New Slingbox adds free mobile apps

September 07 01:04 2015

Before Netflix and Hulu came along, Slingbox helped cement the concept of cord-cutting by letting you watch and control the TV programming that you had already paid for at home while you are on the go, too. Sling Media’s latest model, the Slingbox M2 ($199, slingbox.com), aims to make it easier for those who haven’t cut the pay-TV cord to maximize the use of their programming services. With a SlingPlayer app, Slingbox users can connect to their home TV set-top box and watch live or recorded programs on computers, as well as Android and iOS smartphones and tablets.

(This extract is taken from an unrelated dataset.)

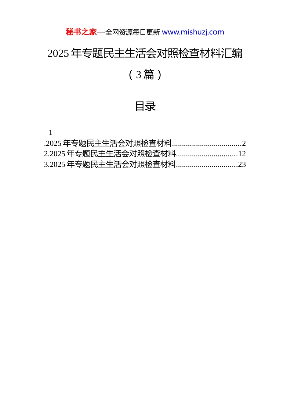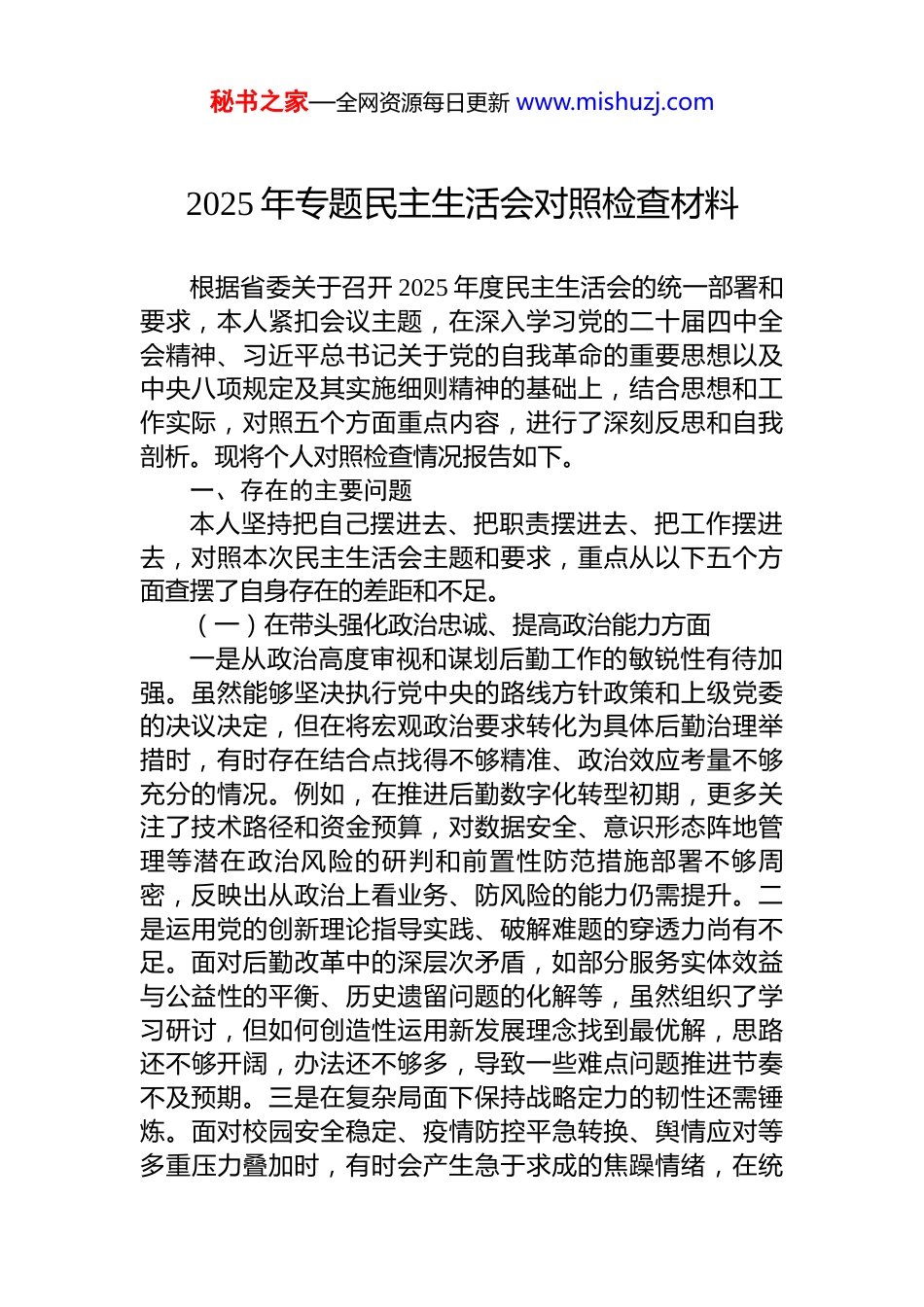 秘书之家—全网资源每日更新 www.mishuzj.com2025 年专题民主生活会对照检查材料汇编(3 篇)目录1.2025 年专题民主生活会对照检查材料...................................22.2025 年专题民主生活会对照检查材料...............................123.2025 年专题民主生活会对照检查材料...............................23秘书之家—全网资源每日更新 www.mishuzj.com2025 年专题民主生活会对照检查材料根据省委关于召开 2025 年度民主生活会的统一部署和要求,本人紧扣会议主题,在深入学习党的二十届四中全会精神、习近平总书记关于党的自我革命的重要思想以及中央八项规定及其实施细则精神的基础上,结合思想和工作实际,对照五个方面重点内容,进行了深刻反思和自我剖析。现将个人对照检查情况报告如下。一、存在的主要问题本人坚持把自己摆进去、把职责摆进去、把工作摆进去,对照本次民主生活会主题和要求,重点从以下五个方面查摆了自身存在的差距和不足。(一)在带头强化政治忠诚、提高政治能力方面一是从政治高度审视和谋划后勤工作的敏锐性有待加强。虽然能够坚决执行党中央的路线方针政策和上级党委的决议决定,但在将宏观政治要求转化为具体后勤治理举措时,有时存在结合点找得不够精准、政治效应考量不够充分的情况。例如,在推进后勤数字化转型初期,更多关注了技术路径和资金预算,对数据安全、意识形态阵地管理等潜在政治风险的研判和前置性防范措施部署不够周密,反映出从政治上看业务、防风险的能力仍需提升。二是运用党的创新理论指导实践、破解难题的穿透力尚有不足。面对后勤改革中的深层次矛盾,如部分服务实体效益与公益性的平衡、历史遗留问题的化解等,虽然组织了学习研讨,但如何创造性运用新发展理念找到最优解,思路还不够开阔,办法还不够多,导致一些难点问题推进节奏不及预期。三是在复杂局面下保持战略定力的韧性还需锤炼。面对校园安全稳定、疫情防控平急转换、舆情应对等多重压力叠加时,有时会产生急于求成的焦躁情绪,在统秘书之家—全网资源每日更新 www.mishuzj.com筹力量、久久为功的落实上,未能始终如一地保持沉着冷静,对工作的长期性、艰巨性认识需要进一步深化。(二)在带头固本培元、增强党性方面一是理论学习的系统性和转化效能有待提升。能够坚持参加集体学习和个人自学,但对习近平新时代中国特色社会主义思想,特别是其中关于教育、科技、人才、治理现代化等重要论述的体系化把握、贯通式理解还不够深入,存在“用到才学、急用才学”的现象。将学习成果转化为推动后勤“三全育人”、绿色低碳校园建设的具体行动和制度成果,转化链条还不够顺畅,理论武装“最后一公里”有待打通。二是党性修养的主动性和日常锤炼有所松懈。对照党章党规党纪进行自我检视、自我净化、自我提高的自觉性、经常性不够,有时将事务性工作忙碌作为党性锻炼减少的借口。在参加双重组织生活时,以领导干部身份进行工作指导多,以普通党员身份开展深刻思想交流、接受批评监督相对不足。三是理想信念内化于心、外化于行的标杆作用发挥不够充分。虽然自身能够坚守共产党人精神追求,但在以身作则感染和带动整个后勤队伍筑牢信仰之基、补足精神之钙方面,方式方法较为传统,针对后勤职工队伍特点的思想政治工作创新不足,运用后勤服务场景、先进典型事迹开展沉浸式、体验式党性教育探索不多。(三)在带头敬畏人民、敬畏组织、敬畏法纪方面一是深入基层一线解决师生急难愁盼问题的主动性、精准性有差距。落实“四下基层”制度有时存在“被安排”多于“主动去”的情况,调研走访虽然覆盖了食堂、公寓、物业等重点部位,但“走马观花”式了解情况仍有发生,对于师生反映的如高峰期就餐拥挤、部分老旧宿舍设施维修响应慢等“顽疾”,虽然推动解决,但未能从机制层面根治,师生满意度仍有提升空间。二是在严格执行民主集中制上,发扬民主和善于集中的结合度可以更好。秘书之家—全网资源每日更新 www.mishuzj.com在领导班子议事决策时,虽然能够遵守规则,但在一些专业性较强的议题上,有时会因自身对细节把握不深而倾向于听取分管领导意见,事前广...

Those apps, which previously cost $15 apiece, are now free. To help “defray the costs of free apps,” consumers will see occasional advertisements, said Mark Vena, Sling Media’s vice president of worldwide marketing. If customers don’t want to see the ad, they can go into app settings and pay for a $15 upgrade. Current customers can continue using the apps they already paid for. “We’re trying to do this in a very unobtrusive, elegant experience,” Vena said. This newer Slingbox, which hit stores in July, looks a lot like the previous M1 model but it’s a bit pricier. The M1 was launched at, and still goes for, $149.99.

Newcomers can also tap into a new tech-support service that uses Skype to help customers get their Slingbox up and running. I didn’t need any help connecting the Slingbox to my DirecTV receiver and home Wi-Fi network — like the M1, the M2 has built-in Wi-Fi as well as an Ethernet port. I simply connected them using the included component video and stereo audio cables. I also connected an infrared emitter cable so that the Slingbox could change the receiver’s channel. Note: The Slingbox works with all manners of cable and satellite boxes and streams content from Amazon Fire TV, Apple TV, Google Chromecast and Roku, too. And even though you may have multiple apps, only one device can be accessing content at a time.